This is actually a small chunk of operator overloading now available in Objective-C, which traditionally has completely avoided it. As always, be careful with it to ensure that your custom implementations remain true to the spirit of the subscripting operator. Don't implement the subscripting syntax to append objects or send messages across the network. If you keep it restricted to fetching and getting elements of your object, the usage of the syntax remains consistent and you can more easily understand what code is doing without needing to know all the details.

Initializers
C has an odd quirk in that any initializer of a global variable must be a compile-time constant. This includes simple expressions, but not function calls. For example, the following global variable declaration is legal:

    int x = 2 + 2;

But this is not:

    float y = sin(M_PI);

C string literals are compile-time constants, so this is legal:

    char *cstring = "hello, world";

NSString literals are also compile-time constants, so the Cocoa equivalent is legal:

    NSString *nsstring = @"hello, world";

It's important to note that none of the new literal syntax qualifies as a compile-time constant. Assuming that the array is a global variable, the following is not legal:

    NSArray *array = @[ @"one", @"two" ];

This is because the @[] syntax literally translates into a call to an NSArray method. The compiler can't compute the result of that method at compile time, so it's not a legal initializer in this context.

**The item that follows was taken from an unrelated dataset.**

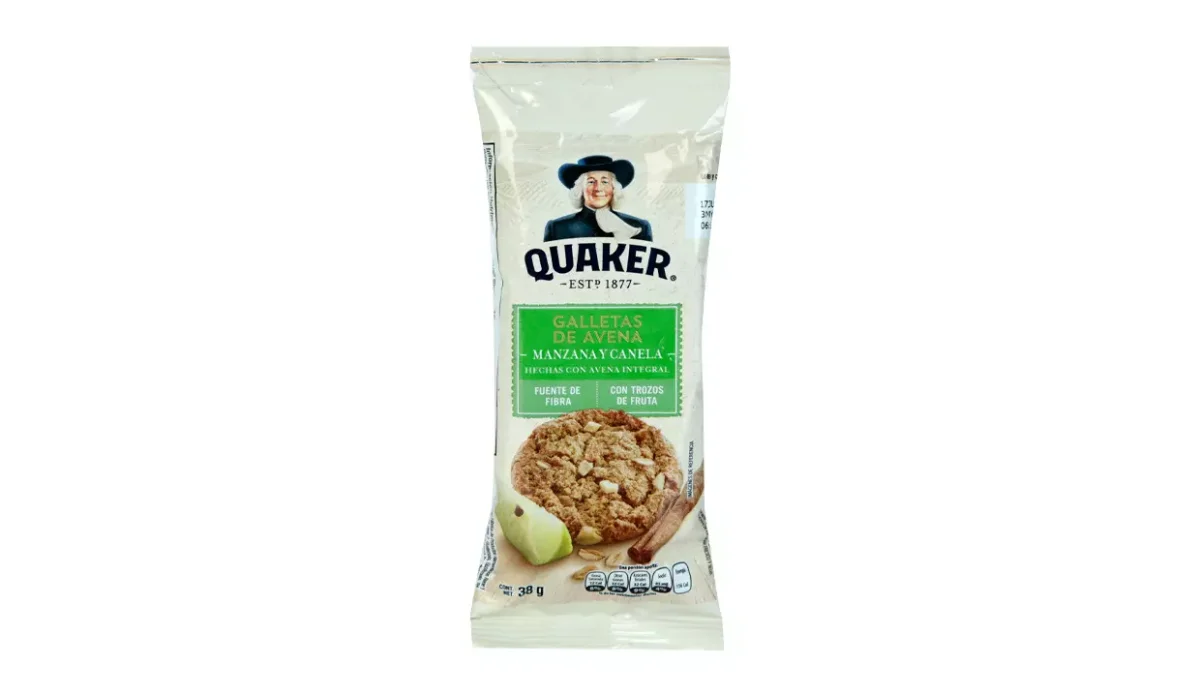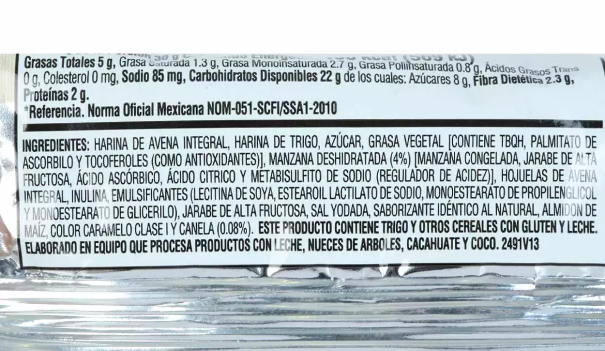 - Harina de avena integral, harina de trigo, azúcar, grasa vegetal, manzana deshidratada, jarabe de alta fructosa, ácido cítrico, hojuelas de avena, almidón de maíz, color caramelo y canela.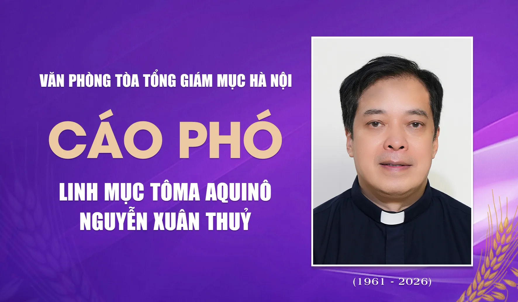 Linh mục Tô-ma A-qui-nô Nguyễn Xuân Thủy được Chúa gọi về lúc 17h45, ngày 01/01/2026 tại Tòa Tổng Giám mục Hà Nội, hưởng thọ 65 tuổi.

It's interesting to explore exactly why this would be the case. The compiler lays out global variables in your binary, and they are loaded directly into memory. A global variable initialized with 2 + 2 results in a literal 4 being written into memory. A C string initializer results in the string contents being written out in the program's data, and then a pointer to those contents being written out as the global variable's value.

Note that C++, and therefore Objective-C++, does allow non-constant initializers for global variables. When the C++ compiler encounters such an expression, it packages into a function and arranges for that function to be called when the binary loads. Because the initializer code runs so early, it can be a bit dangerous to use, as other code like NSArray might not be ready to go yet. In any case, if you've seen a non-constant initializer compile and are wondering why, it was probably being compiled as C++.

NSString literals are also compile-time constants, because of a tight coupling between the compiler and the libraries. There's a special NSString subclass called NSConstantString with a fixed ivar layout:

    @interface NSSimpleCString : NSString {
    @package
        char *bytes;
        int numBytes;
    #if __LP64__
        int _unused;
    #endif
    }
    @end

    @interface NSConstantString : NSSimpleCString
    @end

It just contains an isa (inherited from NSObject), a pointer to bytes, and a length. When such a literal is used as a global variable initializer, the compiler simply writes out the string contents, then writes out this simple object structure, and finally initializes the global variable with a pointer to that structure.

You may have noticed that you don't need to retain and release NSString literals like you do other objects (although it's still a good idea to do so just out of habit). In fact, you can release them as many times as you want and it won't do anything. This is because NSString literals aren't dynamically allocated like most Objective-C objects. Instead, they're allocated at compile time as a part of your binary, and live for the lifetime of your process.

This tight coupling has advantages, like producing legal global variable initializers, and requiring no extra code to run to build the object at runtime. However, there are big disadvantages as well. The NSConstantString layout is set forever. That class must be maintained with exactly that data layout, because that data layout is baked into thousands of third-party apps. If Apple changed the layout, those third-party apps would break, because they contain NSConstantString objects with the old layout.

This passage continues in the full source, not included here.